Lent (Day 21) — “I’m Not Funny and My Life Stinks…”

In chapter 7 of his book, Between Heaven and Mirth, James Martin, SJ lists five FAQs he gets in various lectures and appearances:
1. Does being joyful mean that I’m supposed to be happy all the time? Answer: No. Life has many tragic moments filled with incredible sorrow. Not to feel sorrow and loss would be inhuman. He cites the story of Jesus and Lazarus, in which “Jesus wept.” He also noted that when he has teared up at funerals of friends and acquaintances, he has been criticized by some for not focusing on the resurrection but on the earthly passing of someone. Again — he stresses that life is painful at times and not to recognize it is inhuman. But joy can come out of sorrow, and it is possible for humor to lighten the sorrow somewhat.
2. How can I find a sense of joy if I’m unhappy? Though he didn’t emphasize this, my response would be to let it come when it comes, and not to try and force it. Sometimes the way to joy is to let grief and sorrow play themselves out. But an openness to joy can help one get through most trying times.
3. I’m not a funny person. What do I do? Well, some people think they are not funny, but can be, and remaining open to the possibility of that gift is important. But also, it is possible to be around others who are funny and appreciate their gifts. In Martin’s eyes, humor is something akin to gratitude. So appreciating others who are funny can have the same effect as being funny oneself.
4. What can I do if I live or work in a joyless environment? His advice here is tough to follow when all seems dark, but one is not defined by one’s environment, and even the blackest situation has some bright moments, or moments that are incongruous. So, if work is tough, one can find friends to hang around with after work and laugh about the silliness of the workplace. Certainly a lot of great stand-up comics do this very thing, on a big scale.

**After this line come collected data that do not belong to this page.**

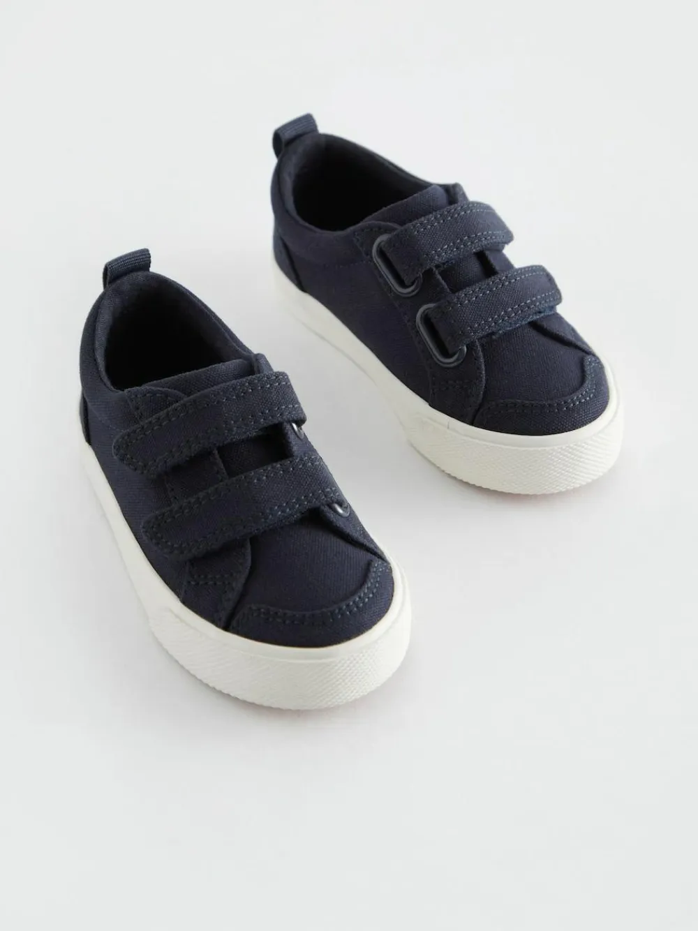 Make sure they’re stepping out in style and comfort with a pair of our navy canvas two strap touch fastening shoes. Designed with touch and close fastening straps to make getting them on and off a breeze, they are also adjustable to get the most comfortable fit. In a wide range of colours and designs, there is sure to be a pair to suit their style. Strapped detail Touch fastening Comfortable fit Sizes 3-9 have two straps Sizes 10-1 have three straps Sizes 3-8 have two straps, sizes 9-1 have three straps View the How to Measure and Fit at Home Guide Upper – Textile, Lining & Sock – Textile, Sole – Other Materials.
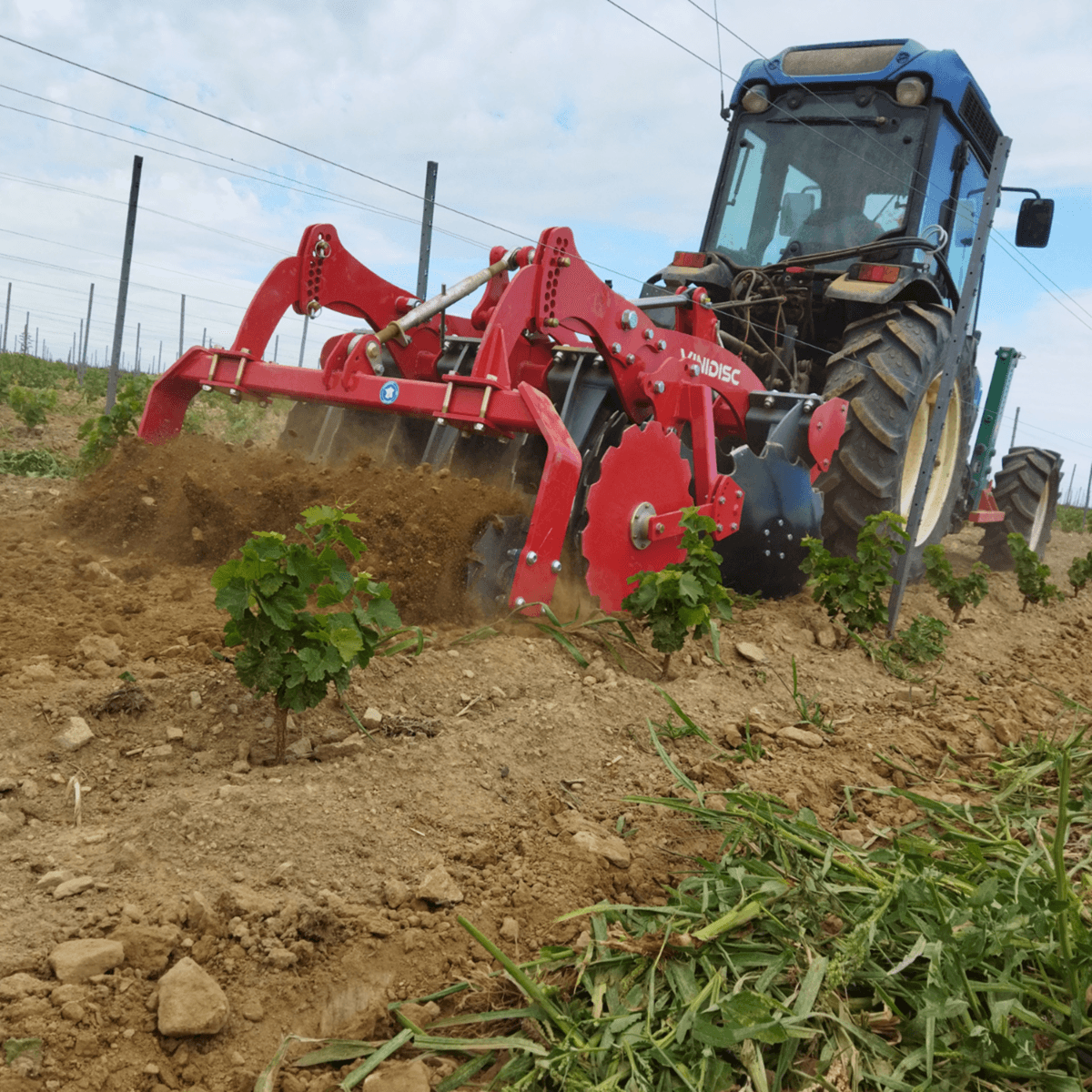 Le VINIDISC est un déchaumeur à disques indépendants porté pour les inter-rangs entre 1,5 m et 3 m dans les vignes et vergers. Equipé d’un attelage catégorie 1 et 2 avec un châssis poutre acier de 80 x 80 x 8 mm, il permet en travaillant en profondeur de gérer les résidus avec ces disques crénelés et un système de sécurité non-stop avec 4 amortisseurs. Largeur de travail de 1,15 m à 1,6 m. Choix d’équipements et accessoires en option pour chaque utilisation.
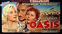 Oasis (German: Oase) is a 1955 French-West German adventure film directed by Yves Allégret and starring Michèle Morgan, Cornell Borchers, Carl Raddatz and Pierre Brasseur. It was based on the 1933 novel The Commander by John Knittel. The screenplay was written by Joseph Kessel, Ben Barzman, and Georges Kessel. It was shot at the Bavaria Studios in Munich and on location in Marseille as well as in Marrakesh, Casablanca, Agadir and Guelmim in French Morocco.
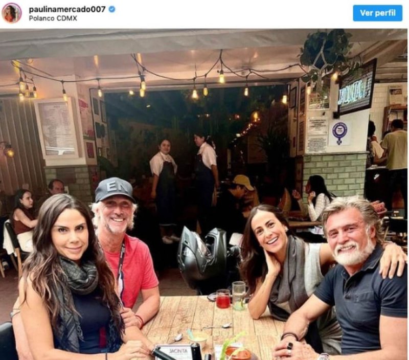 La postal fue compartida por Paulina Mercado en su cuenta de Instagram. En ésta se ve a Paola Rojas junto a su novio, quien la abraza por la cintura mientras posan y junto a ellos la también conductora junto a su pareja, el actor Juan Soler, todo mientras disfrutan de una comida en Polanco el pasado fin de semana.
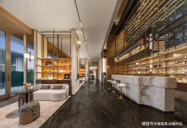 Logo转译石材地面拼花,金属晕染的接待台在璀璨的水晶屏风映衬下,熠熠生辉。目光透过屏风,开启“窥园模式”,超大落地窗将水景庭院直接框成动态壁纸。
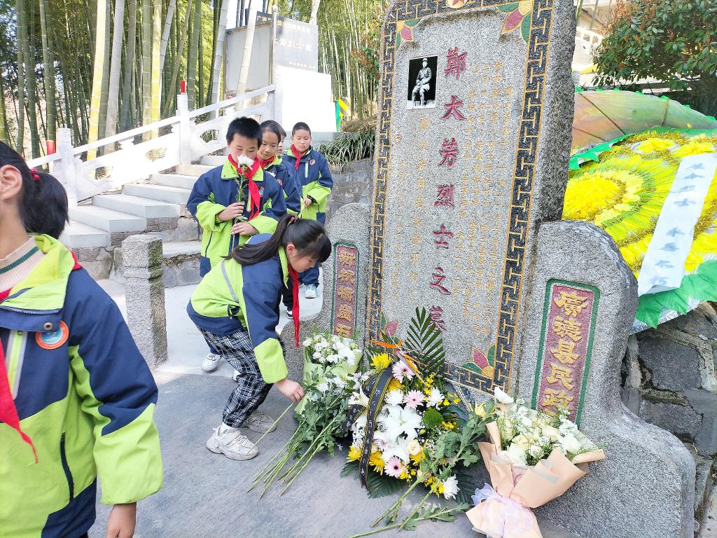 學生在鄭大芳烈士墓前敬獻鮮花。(受訪單位供圖)
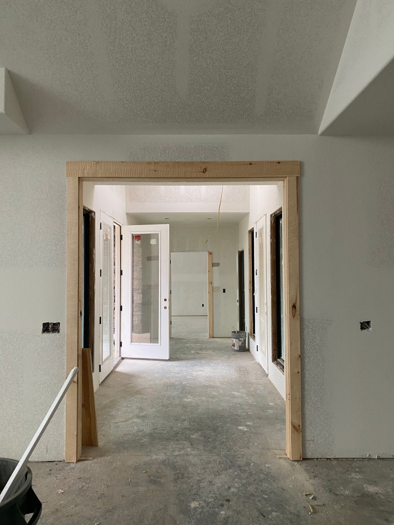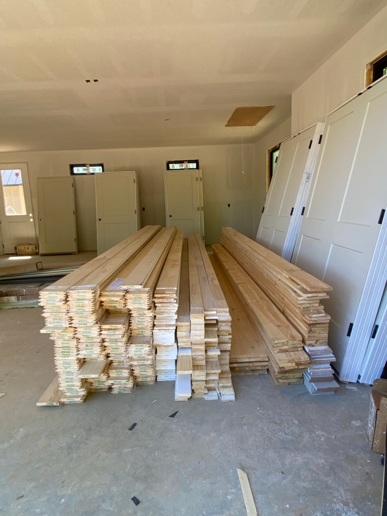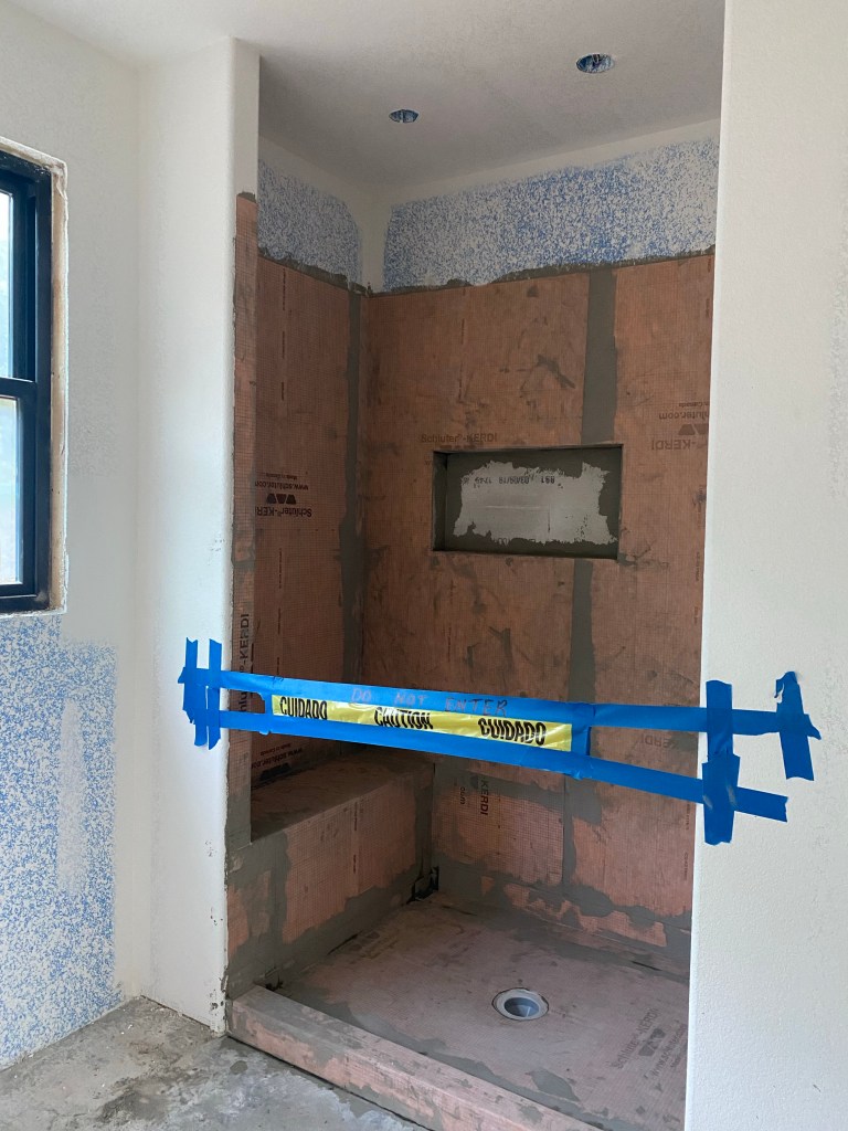 We’ve got several weeks of trim, ceiling treatment, beams and mantle. Cabinets should start arriving in the next two weeks. and bathroom shower is ready for tile!
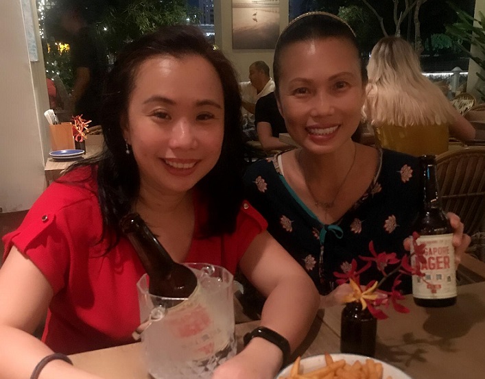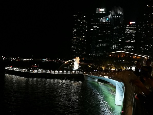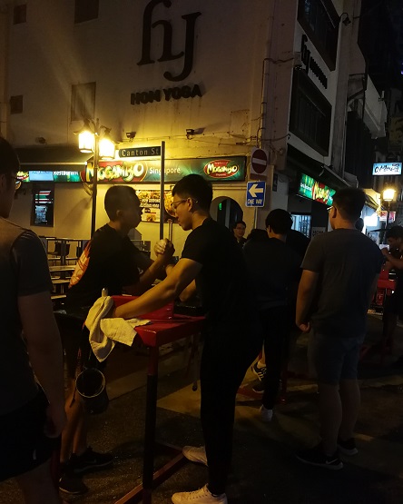 I maxed out my steps when I decided to walk to Robertson Quay from my hotel. I googled the location of this restaurant called Summerlong and it was a 45 -50 minute walk. I thought why not? I need the air and to work off some sitting around all day. So off I went. What I didn't quite anticipate was some of the slight detours that I had to take because of the highways that I was going to cross to get to where I wanted to go. All in all I am so glad that I make the choice to walk. Unknown to me, it had rained cats and dogs all day earlier and when I started my little adventure the air was cool and clear. There was even a refreshing breeze that accompanied me for most of the walk! The night sights was beautiful indeed. I passed by the Esplanade, had a chance to walk across Jubilee Bridge and pass by the Merlion which is Singapore's official mascot. It is a mythical creature that has a lion's head and the body of a fish. Marina Bay Sands was also brightly lit as I continued along the riverside until I crossed over to the Fullerton Hotel side. I walked further on to Clarke Quay and I saw this funny sight of guys arm wrestling! They actually had tables set up with special grips for them to arm wrestle! Then I continued on towards Chinatown and finally made it to River Valley Road and then to Robertson Quay.
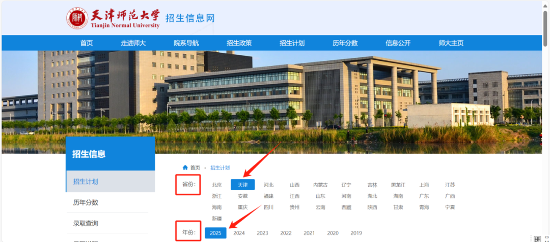 获取更多招生信息,请登录天津师范大学招生信息网(http://zsb.tjnu.edu.cn/)——选择“招生计划”——选择所在省份、年份、科类、类型,即可获得更具体的招生计划信息!
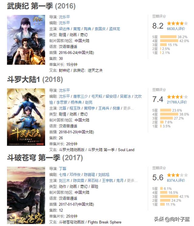 第一。《斗破苍穹》。《斗罗大陆》是根据网络小说改编的。而《武庚纪》是根据漫画《封神记》改编的。三部国漫都是改编的作品。那么动漫的好坏定然与原著的质量不可分离。
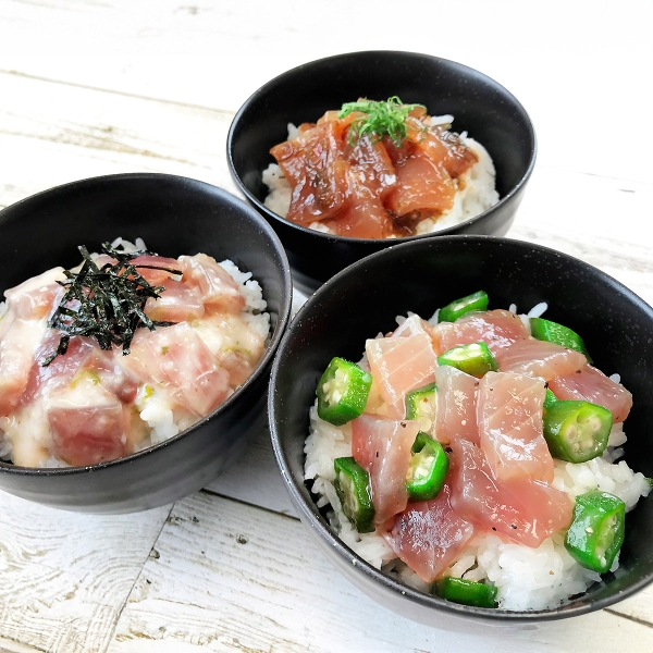 漬けまぐろ旨塩丼160g(80g×2)×4、漬けまぐろ山かけ丼140g(70g×2)×4、漬けまぐろ旨辛丼140g(70g×2)×4
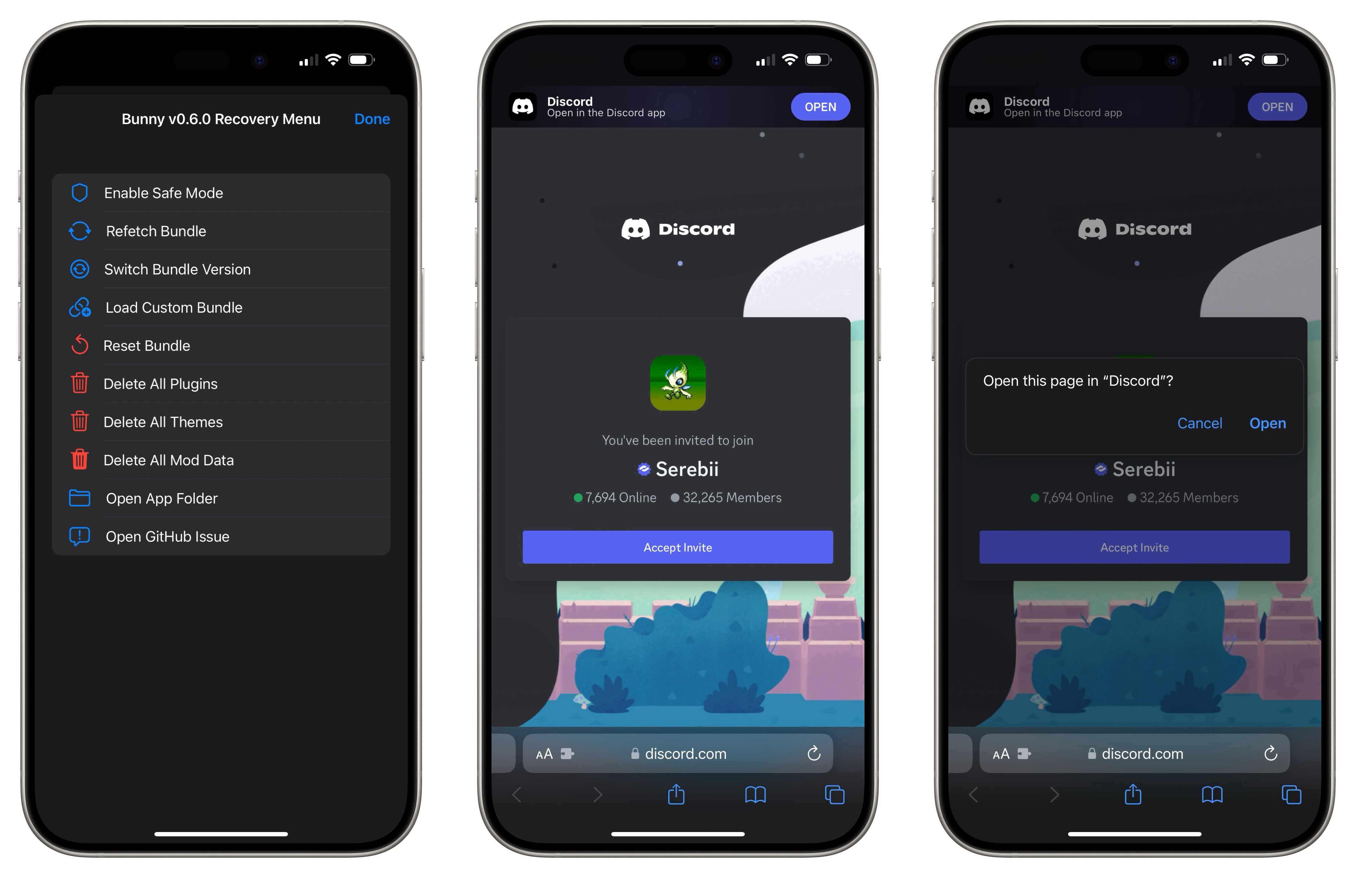 Tweak to inject Bunny and OpenInDiscord into Discord. Forked from VendettaTweak and modified to match with BunnyXposed's behavior.
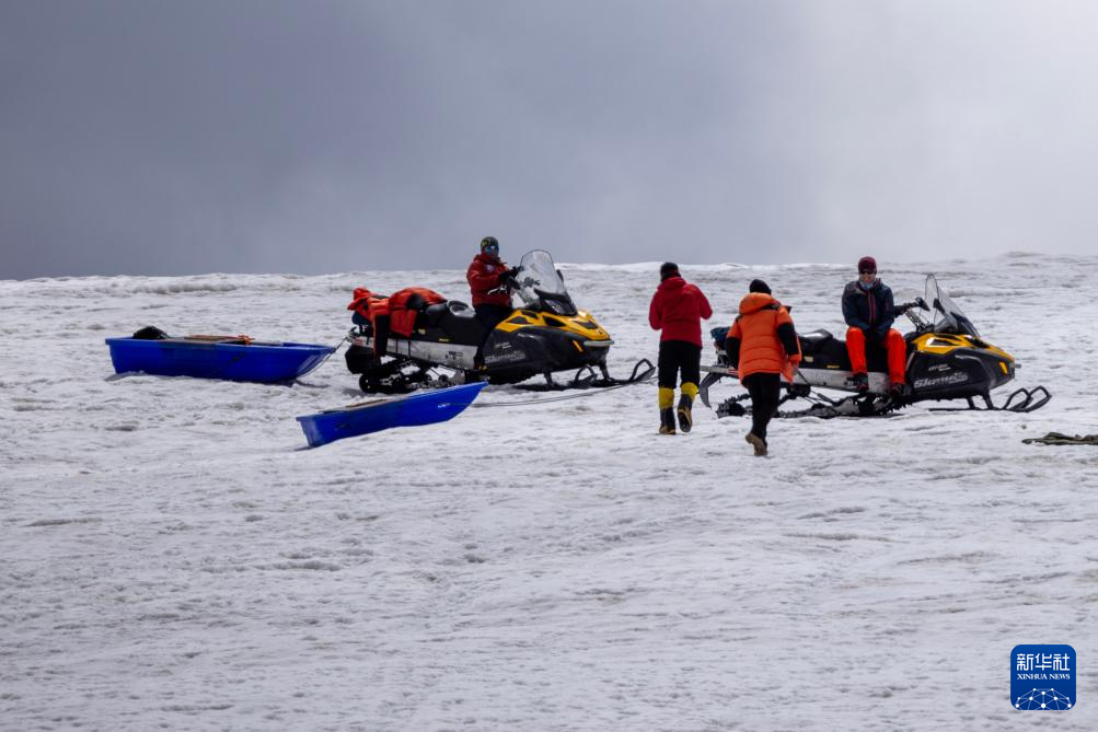 科考隊員準備搭乘雪地摩托前往冰原深處作業(yè)(9月4日攝)。新華社記者 姜帆 攝
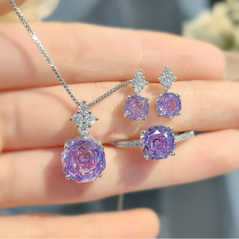 Color: purple diamond pendant, purple diamond stud earrings, purple diamond ring (adjustable opening), Champagne pendant, champagne stud earrings, champagne ring (adjustable opening),lvzuan pendant, lvzuan stud earrings, lvzuan ring (adjustable opening), pink diamond pendant, pink diamond stud earrings, pink diamond ring
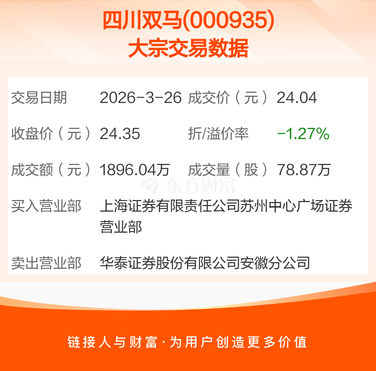 2026年3月26日,四川双马发生1笔大宗交易,共成交78.87万股,成交金额1896.04万元,占其流通市值比例为0.10%。
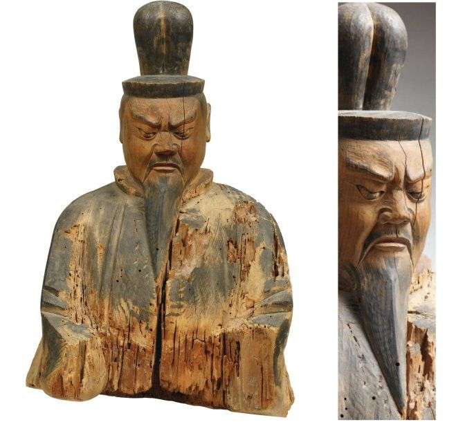 Superbe et important buste de Tenjin. "Tenjin" est en fait l'abréviation de Tenman Daijizai Tenjin, titre divin attribué à Sugawara no Michizane (845-903), illustre homme d'état, savant et artiste disgracié et exilé à priori à tort. Il fut d'abord considéré comme un esprit rancunier et farouche qu'il fallait se ménager, et donc considéré comme un kami particulier, avant d'être honoré et vénéré comme la divinité de la poésie, non seulement à Kyoto, mais rapidement dans tout le Japon. Il est intéressant qu'à ce titre, il est autant vénéré dans les sanctuaires Shinto que bouddhistes Zen. Ce serait essentiellement durant la fin de l'époque des dynasties du Sud et du Nord (1333-1392), et au début de l'époque de Muromachi que la dévotion envers Tenjin connut son plus important développement dans les monastères Zen. Avec la puissante expression de son visage au réalisme exacerbé, cette remarquable sculpture peut justement être datée de la période de Muromachi, et être considérée comme un des archétypes du genre. Bois de Hinoki peint. H. : 61 cm. Japon.
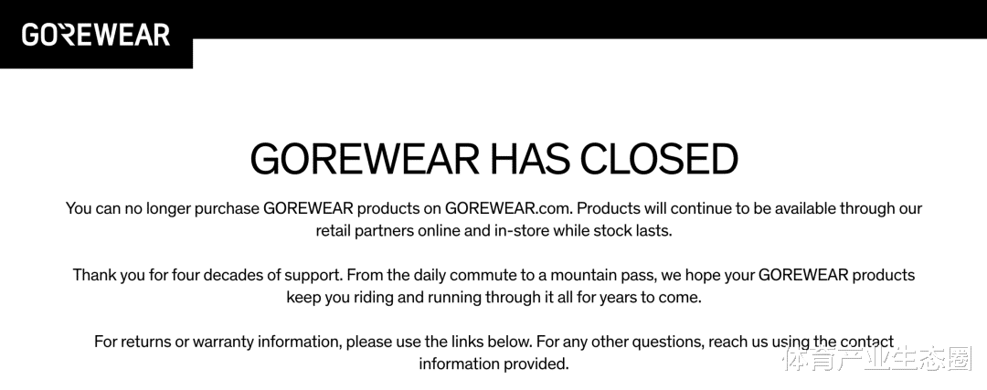 如今GOREWEAR品牌官网已无法购买产品
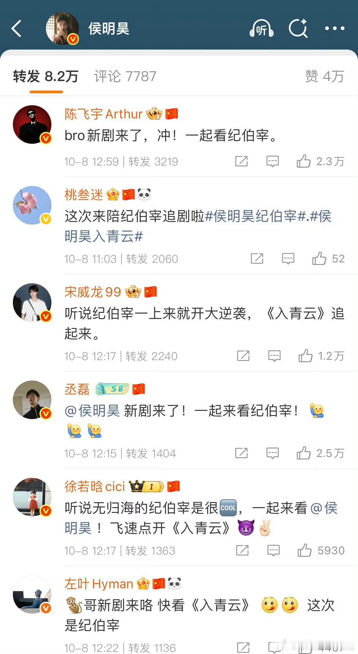 侯明昊出道以来第一次摇人宣传花少CP都来撑场,和卢昱晓这边倪妮张凌赫助力呼应上了~ 虽然《入青云》锁评了,但纪伯宰的美貌和拉扯感我先get了,反复回看太正常,这不亏!

5. Father Martin, do you want to hear a joke? Answer: Only if it’s a good one! Of course, it makes sense to end this chapter on a joke. But the idea of a “good” joke is double-edged. On the one hand, one wants to hear a funny joke. But on the other hand, one wants to cultivate a positive sense of humor, and not celebrate mean-spirited humor. This chapter seemed to me to be a bit of filler, and I didn’t find it quite as satisfying. Martin went over some of the territory he’s already explored.